The gay guy says, "Somebody call the police! This man just rammed into me!"
The trucker says, "What the fuck did you just say, fucker? Get over here, I'm gonna wreck your ass!"
The gay man then says, "It's okay, everybody, don't call the police! He wants to negotiate."
I like my women like I like my wine. 16 and locked in my in a basement.
I couldn't imagine being Abe Lincoln, that would be mind-blowing!
My only friend who actually cares: "Stop making suicide jokes, I’m really concerned!"
Me: Okay, I’ll cut it out.
I Googled "How to start a Wildfire." It gave me 28,452 matches.
What separates bad jokes from dad jokes?
Condoms.
"Just say NO to drugs!" Well, if I'm talking to drugs, I probably already said yes.

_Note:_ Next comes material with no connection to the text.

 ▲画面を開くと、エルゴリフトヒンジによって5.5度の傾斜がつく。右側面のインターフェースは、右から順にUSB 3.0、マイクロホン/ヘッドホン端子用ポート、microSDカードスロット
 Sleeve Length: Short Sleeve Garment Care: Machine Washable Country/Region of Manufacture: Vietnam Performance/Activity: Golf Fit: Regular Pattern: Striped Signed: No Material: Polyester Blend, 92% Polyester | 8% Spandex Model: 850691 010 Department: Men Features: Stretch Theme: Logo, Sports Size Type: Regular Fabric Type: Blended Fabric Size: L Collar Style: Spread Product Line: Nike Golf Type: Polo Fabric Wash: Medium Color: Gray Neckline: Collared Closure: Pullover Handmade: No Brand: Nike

What do you call a gay drive-by?
A fruit roll up.
My son was thrown out of school for letting a schoolgirl wank him off.
"That's the third school this year..." I said to my son, "... Maybe teaching isn't for you."

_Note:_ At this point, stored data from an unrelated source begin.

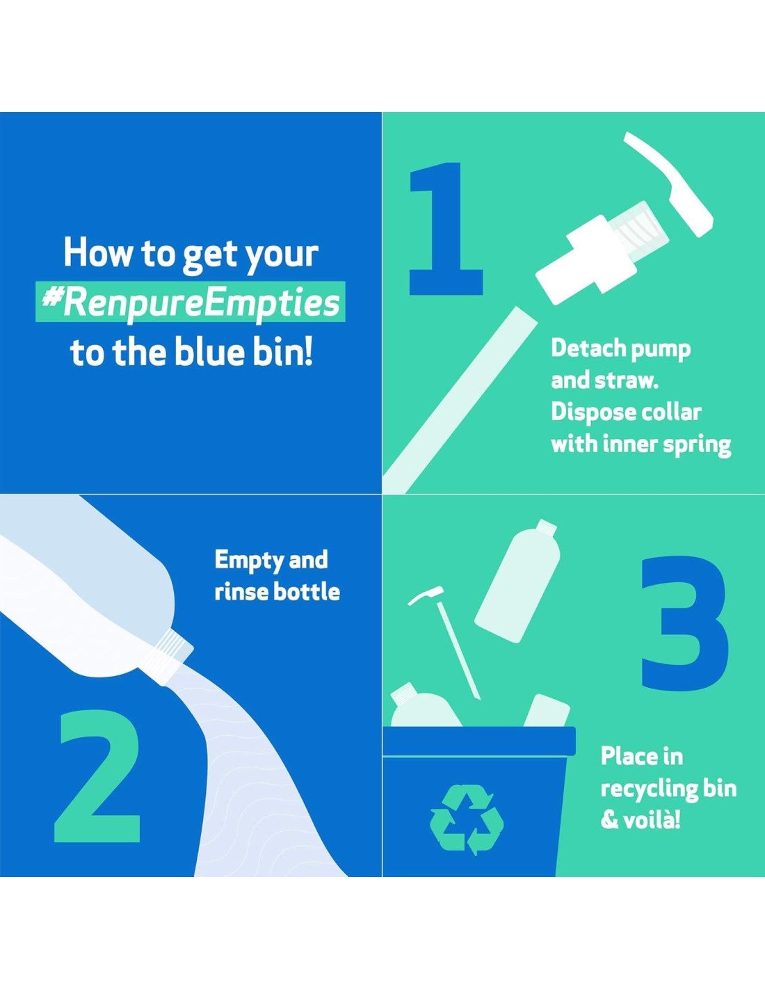 - LA COLECCIÓN RENPURE: Prueba nuestra colección completa de productos de origen responsable y producidos éticamente para una limpieza suave de pies a cabeza, desde acondicionadores nutritivos hasta champús secos y geles de baño.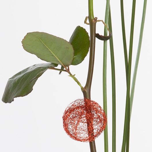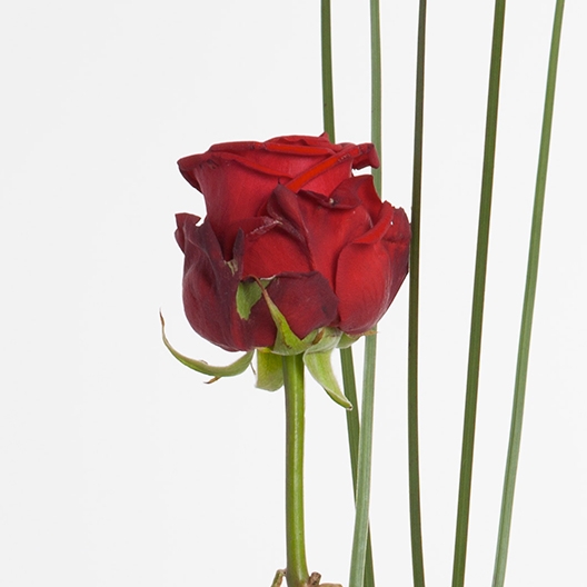 Rose rouge 70 cm, accompagnée de stellgrass rehaussé d’un léger décor rouge et présenté dans un petit soliflore en verre.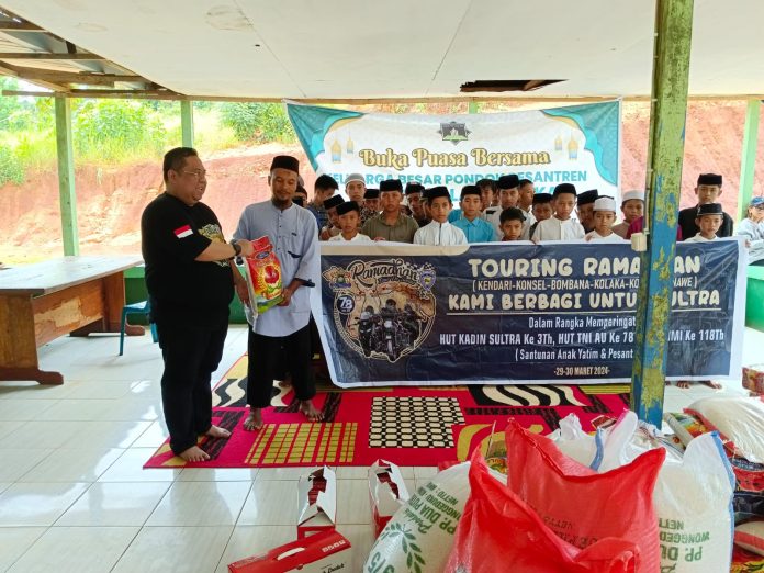 Kendari, Datasultra.com – Kegiatan touring Ramadan yang di inisiasi Kamar Dagang dan Industri (Kadin) Sulawesi Tenggara (Sultra), Ikatan Motor Indonesia (IMI) Sultra, dan Pangkalan TNI Angkatan Udara (Lanud) Haluoleo menyerahkan bantuan ke pondok pesantren dan panti asuhan.

I just watched a 9/11 documentary on a plane. Man next to me said, "You know we're going to New York, right?" I told him I just wanna know what I got into.
What tree is every emo kid trying to find?
The hanging tree.
Why did the orphan go to church?
To hear some "foster" parenting advice.
What’s the difference between a feminist and a school shooter?

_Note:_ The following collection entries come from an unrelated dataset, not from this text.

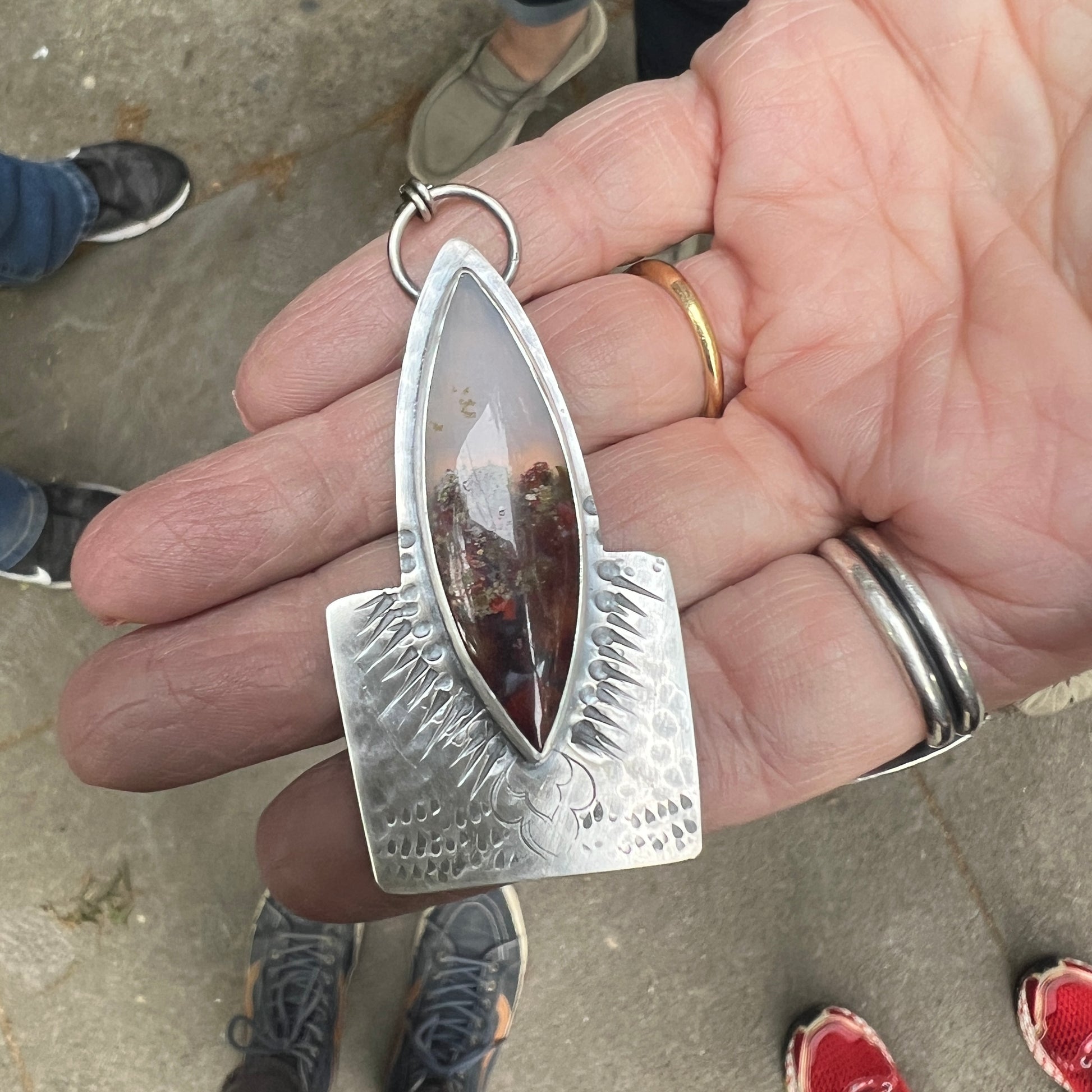 Included Materials - Brass and bronze for your backplate design, silver chain, silver clasp, silver bezel and a cabochon stone are all included in the price. A selection of stones will be available but feel free to bring your own to see if it will be a good option. This workshop does NOT include silver for the backplate design. If you want to purchase silver it is about $20 for medium size pendant design.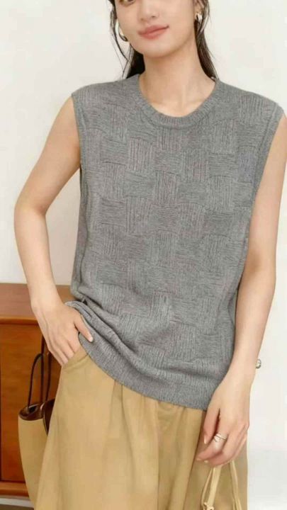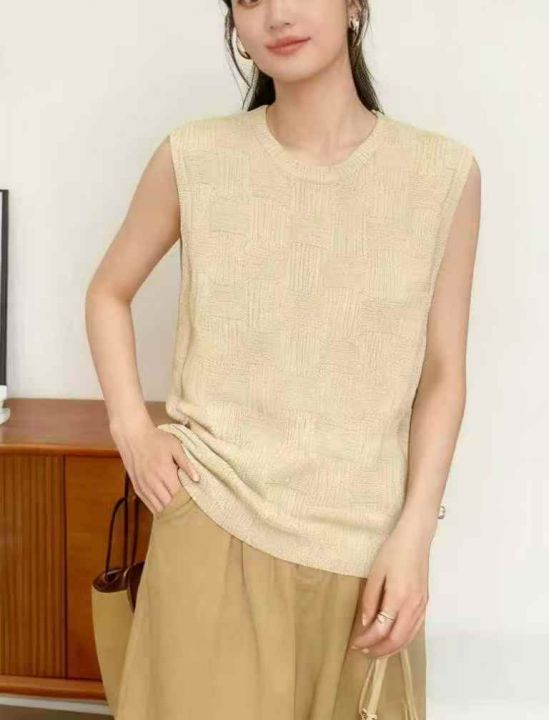 秋冬新款宽松慵懒风暗花设计款叠穿圆领包芯纱毛衣马甲...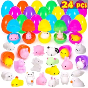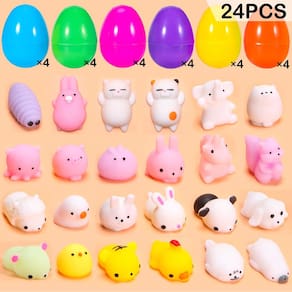 YEAHBEER 24 peças de brinquedos mochi de ovos de páscoa preenchidos, mini brinquedos macios para alívio de desconforto para cesta de Páscoa, suprimentos de festa de caça aos ovos de Páscoa - 24 Ovos de Páscoa preenchidos com brinquedos Mochi, ovos de plástico surpresa em diferentes cores com diferentes tipos de pequenos brinquedos. As crianças ficarão encantadas ao descobrir a surpresa em cada ovo de Páscoa que caçam! É um ótimo presente para todos os meninos e meninas - Ovos de Páscoa cheios de brinquedos, incluindo mini brinquedos macios para alívio de desconforto, muito popular entre as crianças - Os ovos de Páscoa pré-cheios têm cascas de ovo mais grossas e em cores sólidas e brilhantes e diversas. Você pode encher cada cesta de Páscoa com tantos ovos de Páscoa e uma variedade de mini brinquedos populares que podem fazer as crianças brincarem mais felizes - Ótima opção para presentes de páscoa para caçar ovos de Páscoa, enchimentos de cesta, decoração temática de Páscoa, suprimentos para prêmios de sala de aula. Estes brinquedos de Páscoa trarão diversão infinita para sua família - Seguro e durável. Todos os brinquedos de pelúcia de cesta de Páscoa são feitos de plástico 100% não tóxico, seguros para todas as meninas e meninos, muito delicados e vívidos. As cores ousadas e os rostos animados desses brinquedos podem atrair atenção instantaneamente em festas infantis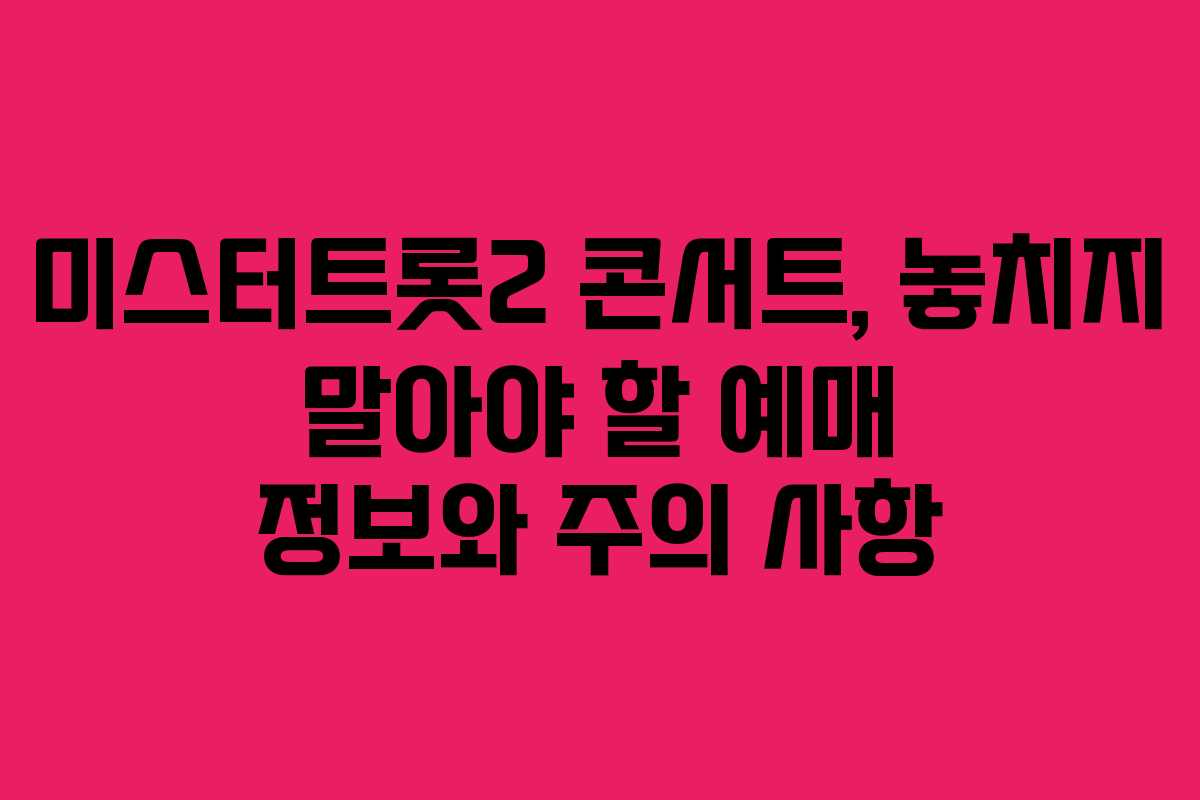미스터트롯2 콘서트는 많은 이들이 기대하는 행사로, 이 기회를 놓치지 않도록 해야 한다. 예매를 통해 소중한 순간을 즐길 수 있는 준비를 하는 것이 중요하다.

A school shooter actually makes an impact on its targets.
A daughter asked her mother, “Mom, how do you spell ‘scrotum’?”
Her mom replied, “Honey, you should have asked me last night—it was on the tip of my tongue.”
An old man takes his grandson fishing in a local pond one day.
After 20 minutes of fishing, the old man fires up a cigar. The young boy asks, "Grandpa, can I have a cigar?" The old man asks, "Son, can your dick touch your asshole?" The young boy says no. "Then u can't have a cigar." Another 20 minutes passes, and the old man opens a beer. The young boy asks, "Grandpa, can I have a beer?" The old man asks, "Son, can your dick touch your asshole?" The young boy says no. "Well, then u can't have a beer."
Another 20 minutes passes and the young boy opens a bag of potato chips.
The old man asks, "Son, can I have some of your chips?" The boy asks, "Well, Grandpa, can your dick touch your asshole?" The old man says, "It sure can." The boy says, "Well good, then go fuck yourself, these are my chips."
If 2 + 2 is 4, and 4 + 4 is 8, then that must mean I can lick your pussy.
What does the Bartles and Jaymes wine cooler television ad have in common with ministers who are white Christian nationalists?
They both thank you for your financial support.
Q: What do you call a blind German man?
Q: A not-see (Nazi).
The lines on the pride flag look pretty straight to me!
Do you ever look at a person and think, "Just how many generations of inbreeding did it take to create you?"